Scape: The device takes advantage of seemingly imperceptible incidents and in its performance manifested these as tangible spatial events. The Scape device is the catalyst for trailing `oscillating reconfigurations´. Its movements are triggered by the fluctuating conditions of space in interaction with or agitated by the landscape’s other occupants. From the centre, lines of `receptors´ stretch out into the field to end in dislocated `sensorial nodes´. The receptors behave like cats whiskers: relaying information about contact and interaction. The dumb-looking armatures are, in fact, carefully, and continually counter-balancing. Every full swing or movement slightly alters their trajectory – oscillations occur. A fan on a highly unbalanced spine whirls, sweeps and smudges across the neighbouring territories.

THE CAMARGUE ARENA: Social Effervescence and Seasonal Reconfigurations.

The building, a Duck Plucking Factory takes advantage of the vernacular traditions of the site and the region. Observations of both the landscape and its people provide the narratives of the design. Seasonal changes and climatic peculiarities are reflected upon both programmatically as well as spatially.

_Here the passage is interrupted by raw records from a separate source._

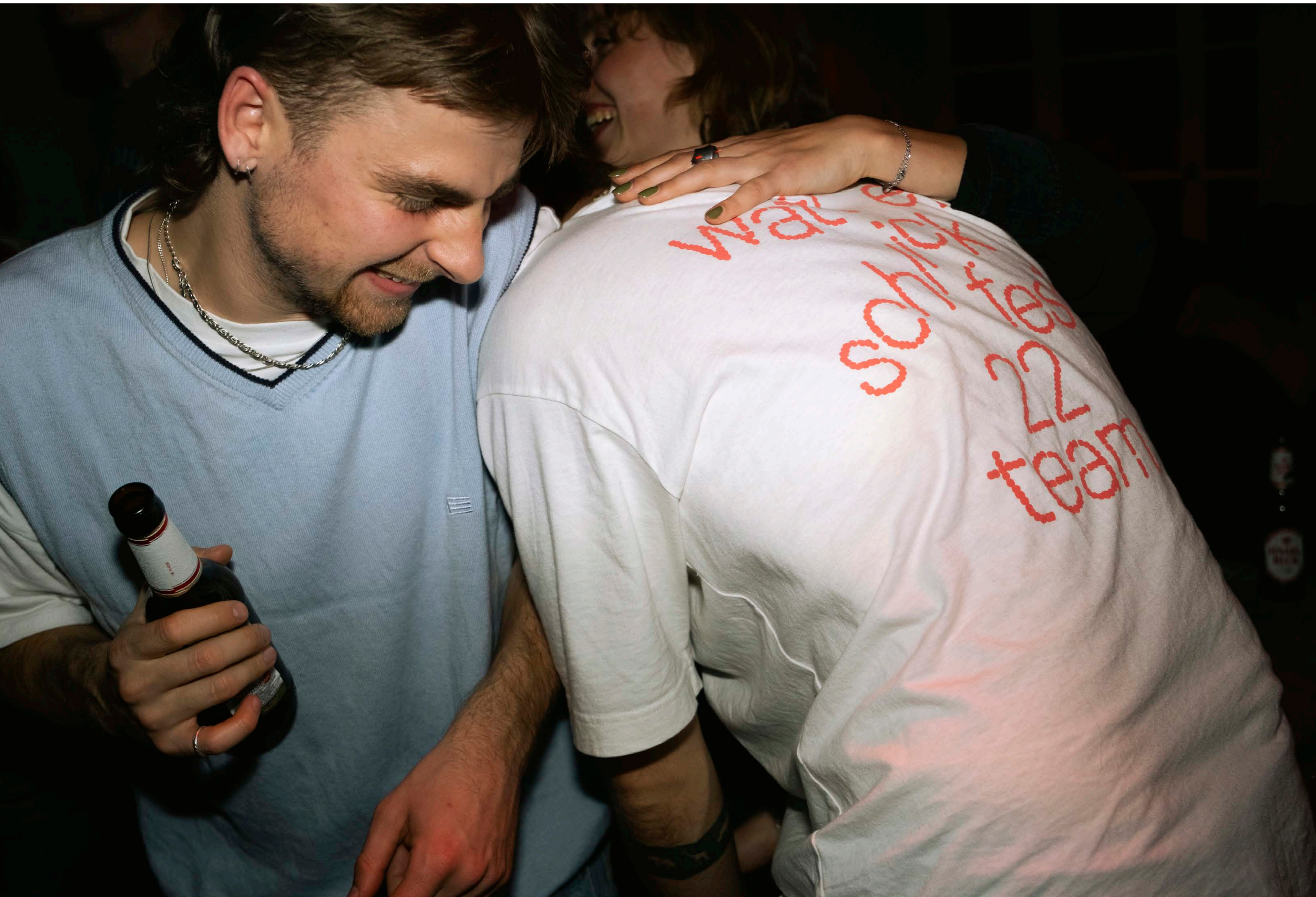
Cuddling, Documentation of "Breathe Vo.5" release party, 2022
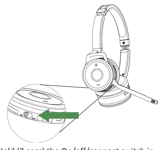
Hold (2 secs) the On/off/connect switch in the connecting position
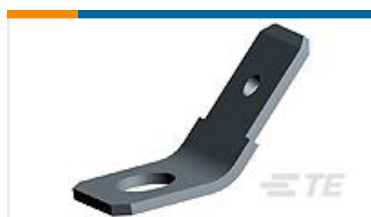
TE Part #140598 250 FASTON, TAB, TPBR
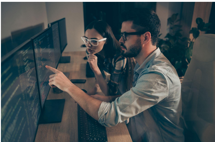
Figure 1: The Cyber Exposure Workshop can be delivered remotely or on-site.

When the service concludes, you will have a custom-built roadmap and operating plan for your vulnerability management program, designed specifically to meet your security and business objectives.

The seasonal change of tourists and ducks in the Camargue is the instigator for a building that becomes an arena for duck-hunters, market-traders, feather-pluckers and tourists. A local market, processing areas and lounges are sheltered from the heat and the wind. Local materials like excavated soil and reed are used as rammed earth walls and green roofs. Reed mats harvested from the roof wrap around the building offering shade and drafts.

Markus Lobmaier
Jonathan Steiner

Markus’ work has included subtle investigations of the minute changes of the turning tide —the in-between of water, land and air, fluctuating spatial structures on notional landscapes and an extremely comprehensive building proposal where complimentary programs of industry and tourism take advantage of the seasonal occupation of the Camargue Delta in the South of France. Markus’ sensitivity to cultural influences, site and program, the thoroughness of his pragmatic research are augmented by a stubborn optimism and have made his work remarkable.